勝者も敗者も関係なく、精神のトラウマは皆共通するもの。
その中からいかにして希望を持てるか、それを考えさせる深い作品です。
序盤の終戦直後のレニングラードの様子、イーヤとパーシュカが暮らすアパートでの生活描写の解像度の高さにまず心を奪われました。しかし戦友のマーシャがアパートにやってきてからの全てのシーンに強い緊張感を感じ圧倒されていきます。耐え難い圧迫感。この二人に心の安らぐ時はいつかきてくれるのか、祈るようにみている自分がいました。
戦争で受けた傷や自らの罪は癒えるのか、赦されるのか。安易に答えさせてくれない映画だ。僕はそれでも生きていたほうが良いと言いたいが、どんな顔をして言えば良いのだろう。

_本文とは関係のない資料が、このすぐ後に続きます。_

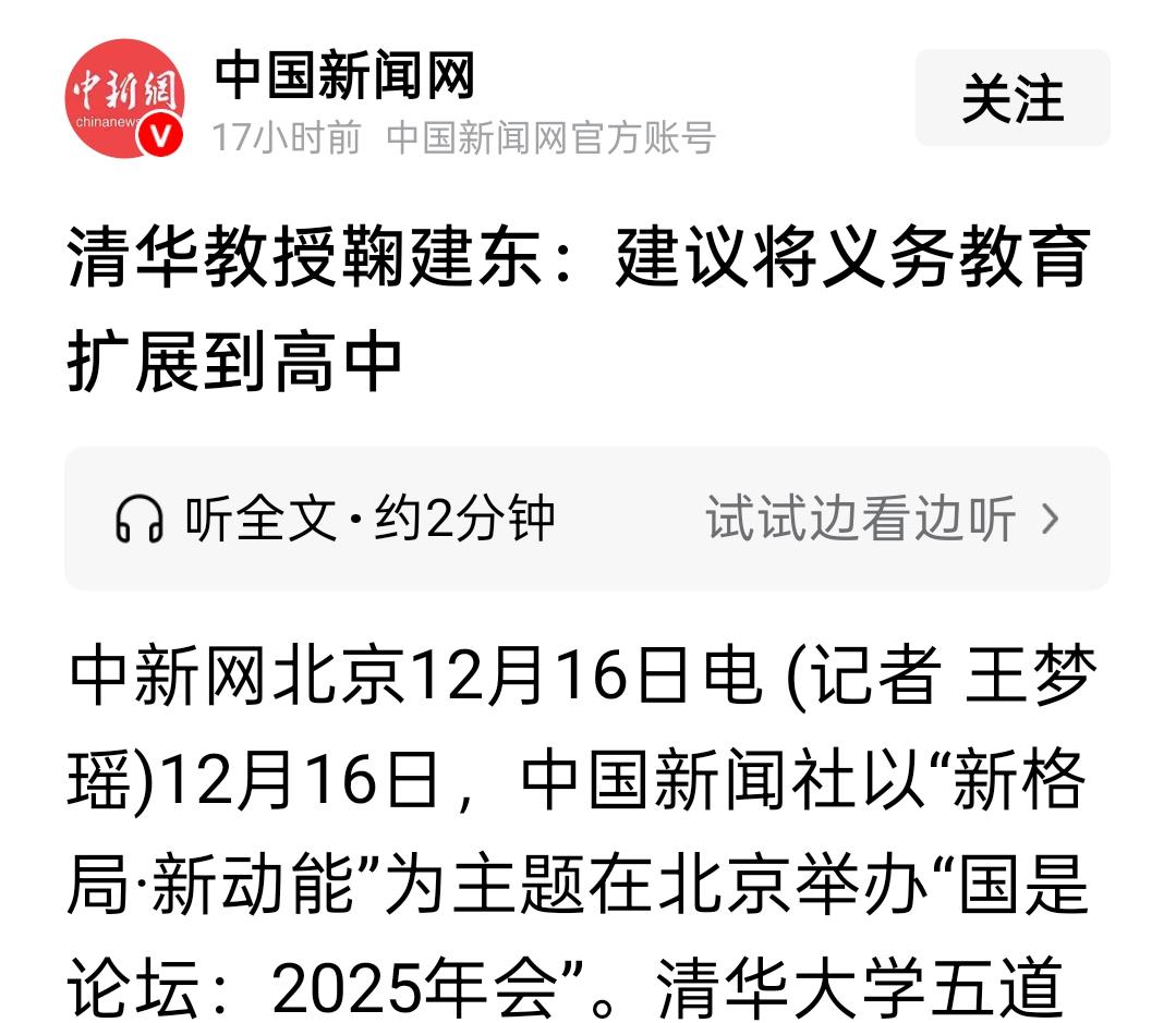 清华教授建议,高中纳入义务教育范畴。 等到这一波人口高峰过去以后,大学之前的教育都完全可以纳入到义务教育阶段。 校舍,老师,教学设备都是现成的,这已经具备了义务教育的足够的条件。 纵然是不纳入到义务教育阶段,老师的工资也得照发,校舍也会被闲置。 更重要的是,高中纳入到义务教育阶段以后,可能就没有今天的教育内卷了。 人人上高中,马上就实现人人上大学。既然人人都可以上大学,大学的招生标准自然也会发生相应的变化,大学之间的竞争对学生是有利的。 大学可以设置除了高考以外进入大学的办法。如此这般学生也可以不通过高考这一条路进入大学了。 高中纳入到义务教育阶段,学生在义务教育阶段的学业压力没有那么大了,更关注的是孩子自身的成长,而不仅仅是学习成绩的提升。 这样学生也不用焦虑了,家长也不用担心了,用在教育上的支出也大大缩减了。 普及高中只是第1步,把高中纳入到义务教育阶段,会对中国的教育产生深远的影响。

世界ではまさにこの瞬間にも傷と罪が作り出されている。
壊れた精神、歪みゆく心。
それでも「戦後」を生きる女二人。
戦闘シーンでは描けない戦争の姿を観た。
フェルメールの絵画を思わせるような美しさ! バラーゴフ監督が描きたかったのは、戦争のリアルでも生活の苦しさでもなく、トラウマを抱えた女たちのドラマである
戦争は、戦後もずっと存在している。生き残ることは、終わりのない苦難を受け入れることだ。命を抱えてもがく姿に、人間の強さと希望を感じた。
戦争は戦場だけで起きているのではない。
100人いれば100通りの苦しみや哀しみに満ちた人生が続くのだ。
それは今まさに私たちが目の当たりにしていることでもある。
予測不能な女性ふたりの振る舞いは、戦争によって奪われた感情を取り戻す闘いだ。戦争は肉体と感情を破壊する。全身全霊をかけてその修復に挑むふたりの姿が永遠に心に刻まれる。傑作。
これは戦争映画であり、トラウマを巡って結ばれうる元兵士の女ふたりによるクィア映画でもある。
女の顔に戦争の惨さが刻印され、血と生の物語が赤と緑のミザンセーヌに仮託された絵画のような照明と色彩は『燃ゆる女の肖像』も想わせる。
戦争は生死を理不尽にもてあそぶ。癒えない傷に日々苦しみながら、それでも生きる希望を探し求めるイーヤとマーシャ。
今なお同じ運命をたどる人々を思うと苦しくてたまらない。戦争は絶対悪である。